Simulated Author's Rebuttal

2 responses · 0 unresolved

We thank the referee for their valuable comments on our manuscript. We address each major comment point-by-point below and indicate the revisions we will make to strengthen the paper.

read point-by-point responses
  1. Referee: [Results] Results section: the headline claim that the 3D student exhibits a fundamentally different optimization landscape rests on the untested assumption that the 2D teacher's dense pseudo-labels are sufficiently accurate. No slice-wise or volume-wise fidelity metrics (Dice against held-out manual labels, label consistency across reconstructed 3D volumes) are reported; without them the observed 3D degradation could be explained by label noise rather than dimensionality.
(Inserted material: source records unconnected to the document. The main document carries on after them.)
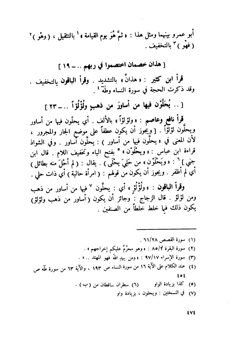 وَقَرَأَ الْبَاقُونَ / ولؤلؤ / أَي يحلونَ فِيهَا من أساور من ذهب وَمن لُؤْلُؤ قَالَ الزّجاج وَجَائِز أَن يكون أساور من ذهب ولؤلؤ يكون ذَلِك فِيمَا خلط خلطا من الصِّنْفَيْنِ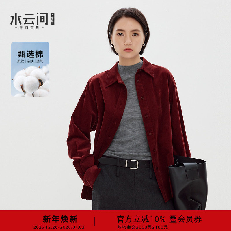 水云间复古红色灯芯绒衬衫外套女纯棉长袖衬衣宽松上衣2025秋冬款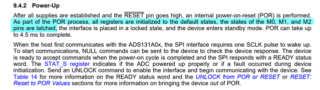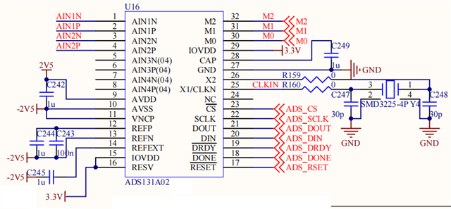 1)M2\M1\M0是通过加电后由MCU程序控制,而不是直接通过硬件进行上下拉,是否存在上电配置顺序问题,即上电后M2\M1\M0还未来得及配置,ADS131先判断为内部时钟模式导致晶振不起振,待MCU配置M2\M1\M0,也不能重新起振?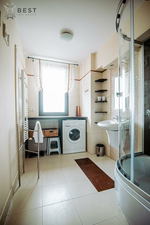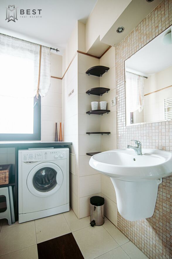 Dodatkowo mieszkanie wyposażone w m.in. w deskę do prasowania, żelazko, suszarkę na pranie, odkurzacz.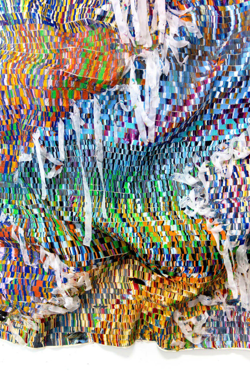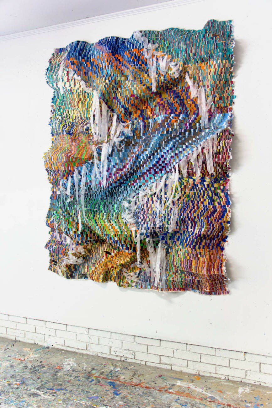 Nguyen creates what he calls “deconstructed paintings,” large, bold works that are comprised of hundreds of silk strips, which he cuts, paints, and meticulously applies onto canvas. The pieces may be hung in different iterations: sculpturally on the wall with undulations or flat, stretched like a painting on bars or behind glass.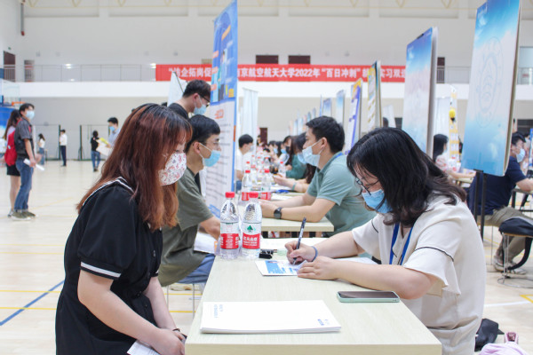 6月17日上午,“访企拓岗促就业”南京航空航天大学2022年“百日冲刺”就业实习双选会在我校将军路校区西区体育中心举行。双选会共邀请到71家单位参会,包括中国电子科技集团公司第二十八研究所、苏美达国际技术贸易有限公司等科研单位、国有企业、民营企业,提供岗位数4723个。单位行业涉及航空、航天、计算机、电子、电气、机械、教育、金融等多个领域,人才需求梯度大,学科专业涉面广。招聘会由我校和江苏省高校招生就业指导服务中心、南京市人力资源和社会保障局主办,校学生处和南京市劳动就业服务管理中心承办。活动还得到了我校校友会的支持,邀请了6家优质校友企业参会,提供岗位数151个。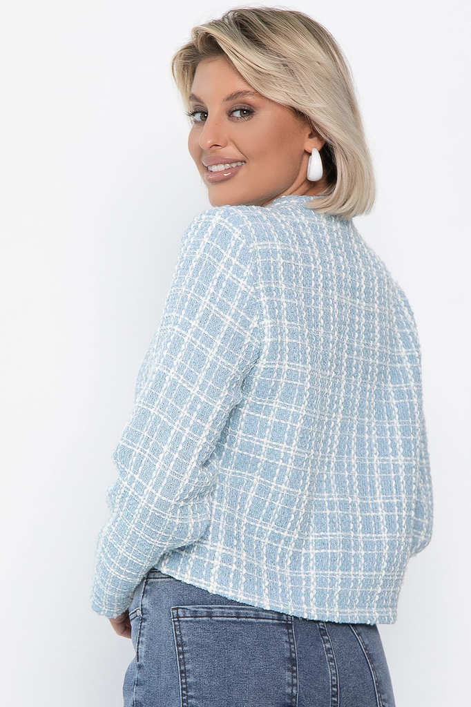 Состав : 40% хлопок, 30% вискоза, 30% полиэстер Материал : твид Цвет : голубой Принт : клетка Силуэт : прямой Карманы : отсутствуют Подкладка : отсутствует Вид застежки : пуговицы Декоративные элемент... Показать описаниеы : отсутствуют Длина : 44 - 53 см,, 46 - 54 см,, 48 - 55 см,, 50 - 56 см,, 52 - 57 см,, 54 - 58 см Обхват груди : 44 - 100, 46 - 104, 48 - 108, 50 - 112, 52 - 116, 54 - 120 Обхват бёдер : 44 - 100, 46 - 104, 48 - 108, 50 - 112, 52 - 116, 54 - 120 Обхват талии : 44 - 100, 46 - 104, 48 - 108, 50 - 112, 52 - 116, 54 - 120 Дополнительные параметры размеров : 44 - длина рукава Отснято с брюками Б14103-34М [ https://ltcollection.ru/catalog/bryuki/196510/ ] и с джинсами Б13450-12М [ https://ltcollection.ru/catalog/bryuki/169715/ ] Женский укороченный твидовый жакет — это воплощение классики и стиля, перед которым невозможно устоять. Он идеально подходит как для деловых встреч, так и для повседневного образа. Легко сочетается с джинсами, юбкой-карандаш или брюками. Этот жакет подчеркнет вашу индивидуальность и добавит нотку изысканности. Он гармонично впишется в гардероб каждой женщины, которая хочет выглядеть стильно и уверенно. Внимание! Рекомендуем ориентироваться на размерную сетку и выбирать свой привычный размер, согласно размерной таблице. *Допуск отклонения длины при массовом производстве 1-3 см является нормой. Уход за изделием: Ручная стирка или стирка в машине при температуре до 30 °C, деликатный режим. Не использовать отбеливатели. Разрешена глажка при температуре до 110 °C. При глажке использовать специальную насадку на подошве утюга, гладить с паром. Не замачивать и не выжимать. Стирать изделие наизнанку, отдельно от других вещей.

    Authors: We appreciate this observation. The 2D teacher was trained and evaluated on the sparse annotations with a held-out validation set, providing indirect support for pseudo-label quality. Importantly, our ablation studies fix the pseudo-label generation process and vary only the 3D training regularization, demonstrating that the performance differences arise from the interaction between the 3D model and the regularization choices. To directly address the concern, we will report slice-wise Dice scores of the pseudo-labels against additional held-out manual segmentations and assess label consistency in the reconstructed volumes in the revised manuscript. revision: yes

  2. Referee: [Methods] Methods and Results: the reported Dice gains (>11 pt WM lesion, ~25 pt GM lesion drop) are presented without error bars, statistical tests, or complete ablation tables that isolate each factor (augmentation strength, soft-label temperature, CLAHE). This prevents assessment of whether the dimensional divergence is statistically reliable or sensitive to hyper-parameter choices.
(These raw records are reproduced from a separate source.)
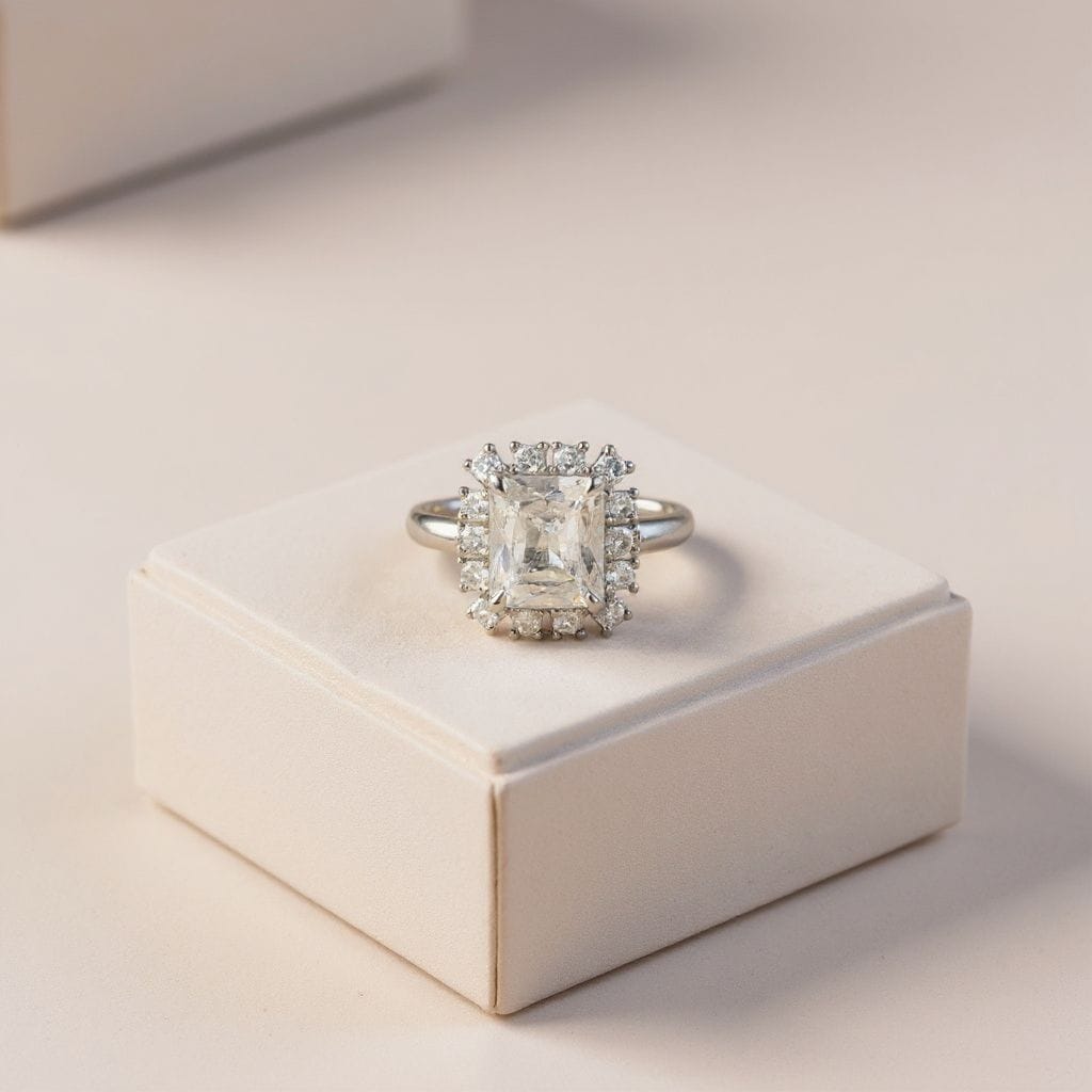 Elevate your jewellery game with the Luxe Radiance Halo Ring Collection — a stunning range of premium statement rings designed to add effortless glamour to any look. Featuring a square-cut centre stone surrounded by a halo of brilliant micro-crystals, this ring delivers timeless elegance with a modern twist.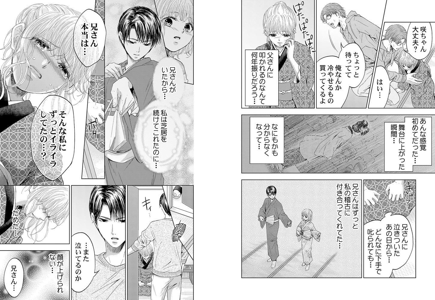 「じゃあこれも夢か?お前のここが…こんなにグショグショになってるのも…」私…この感触を知ってる…――劇団『春川座』の女形で看板役者の辰次とその妹で未熟な女優の咲。ある日の稽古中に辰次から「もう役者辞めれば?」と言われて落ち込む咲。そんな状況を見かねた劇団員の涼太郎は咲を食事に誘う。兄からのプレッシャーから逃げるべく酒を飲んだ咲はいつしか酔いつぶれてしまった。そこに現れたのは辰次。酔いつぶれた咲を見つけると涼太郎が目を離している間に宿泊先に連れ戻した。咲をベットに寝かせると「涼太郎さん…」という寝言が。その刹那にたがが外れて咲にキスをした――。涼太郎からの告白、そして兄からのゆがんだ情愛、咲の身体が求めるものは…!?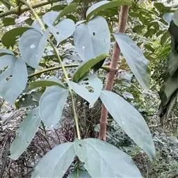 蔓九节是茜草科九节属的攀援或匍匐藤本植物。常以气根攀附树干或岩石;幼枝无毛或有粃糠状柔毛;幼树叶卵形或倒卵形,托叶膜质;圆锥状或伞房状聚伞花序顶生,苞片和小苞片线状披针形,花萼倒圆锥形,花冠白色,冠筒与裂片近等长,裂片长圆形;浆果状核果球形或椭圆形;花期4-6月;果期全年。因叶片紧贴着树干往上生长,宛如一条青龙上树,故又名“上树龙”。蔓九节分布在中国浙江、福建、台湾等省地,在日本、朝鲜、越南等国也有分布,生长在海拔70-1360米的平地、丘陵、山地、山谷水旁的灌丛或林中。喜温暖湿润,不耐寒,耐荫,适宜选用排水良好、富含有机质的砂质土壤。蔓九节在《世界自然保护联盟濒危物种红色名录》中属于无危。繁殖方法一般为扦插、压条、播种繁殖。据《福建药物志》中记载蔓九节“有祛风除湿,舒筋活络的功效。主治风湿关节痛,头风痛,手足麻木坐骨神经痛,腰肌劳损,

    Authors: We agree that the presentation of results can be improved for statistical robustness. In the revised manuscript, we will include error bars representing standard deviation across multiple independent training runs, conduct appropriate statistical tests to confirm the significance of the reported differences, and provide expanded ablation tables that systematically isolate the effects of each factor (augmentation strength, soft-label temperature, and CLAHE) separately for the 2D teacher and 3D student models. revision: yes

Circularity Check

0 steps flagged

No circularity; empirical results from held-out evaluation

full rationale

The manuscript reports measured Dice-score differences from training a 2D teacher on sparse slices and a 3D student on its dense pseudo-labels. No equations, first-principles derivations, or fitted parameters are presented whose outputs reduce to the inputs by construction. Performance gaps (e.g., +11 pt WM-lesion Dice for 2D with augmentation/soft labels, degradation for 3D, -25 pt GM-lesion Dice with CLAHE) are direct experimental observations on held-out data, not tautological re-statements. Any self-citations are incidental and not load-bearing for the central empirical claims. The analysis is therefore self-contained and externally falsifiable via the reported metrics.
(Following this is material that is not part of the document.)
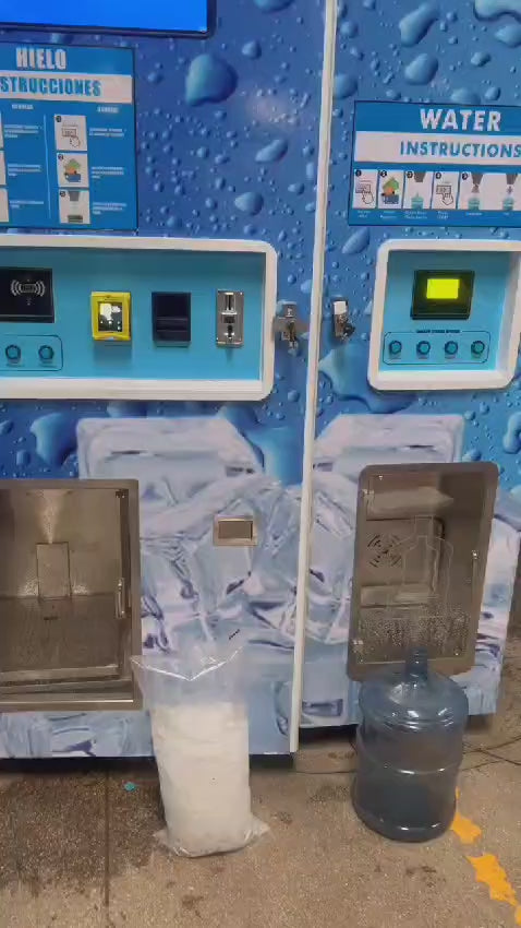 Turn your investment into a highly profitable business with the Water and Ice Vending Machine , designed to offer up to 3000 liters of purified water and 450 kg of ice per day . Ideal for urban, rural or high-traffic areas, this automated solution combines innovation, efficiency and durability.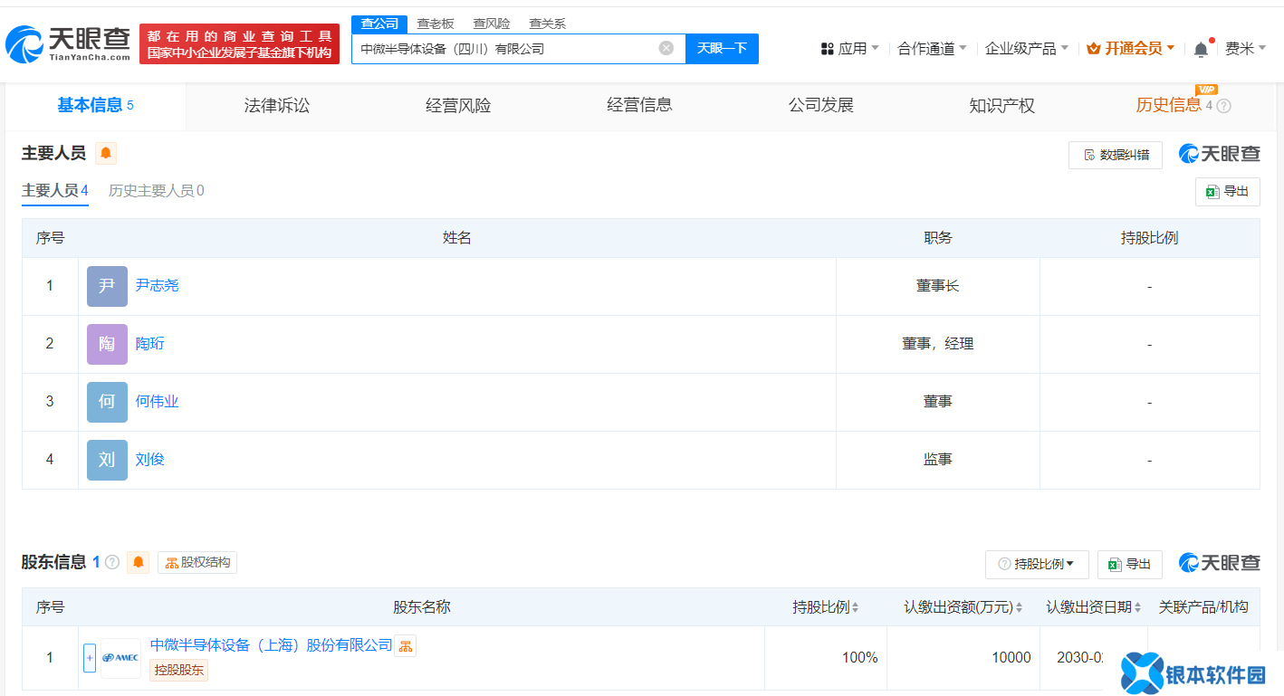 天眼查App显示,近日,中微半导体设备(四川)有限公司成立,法定代表人为尹志尧,注册资本1亿人民币,经营范围含半导体器件专用设备制造、半导体器件专用设备销售、电子专用设备销售、电子专用设备制造、半导体照明器件制造、电子元器件制造等,由中微公司(688012)全资持股。

Axiom & Free-Parameter Ledger

2 free parameters · 1 axioms · 0 invented entities

The central claim rests on the domain assumption that 2D-generated pseudo-labels provide a valid training signal for 3D models and that observed differences stem from dimensionality rather than dataset-specific artifacts.

free parameters (2)
  • spatial augmentation strength
    Chosen to optimize 2D teacher but shown to harm 3D student; value is tuned rather than derived.
  • soft-label temperature
    Hyperparameter controlling label softness whose optimal setting differs by architecture.
axioms (1)
  • domain assumption Pseudo-labels from 2D teacher are sufficiently accurate for 3D training
    Core premise of the sparse-to-dense pipeline invoked in the methods description.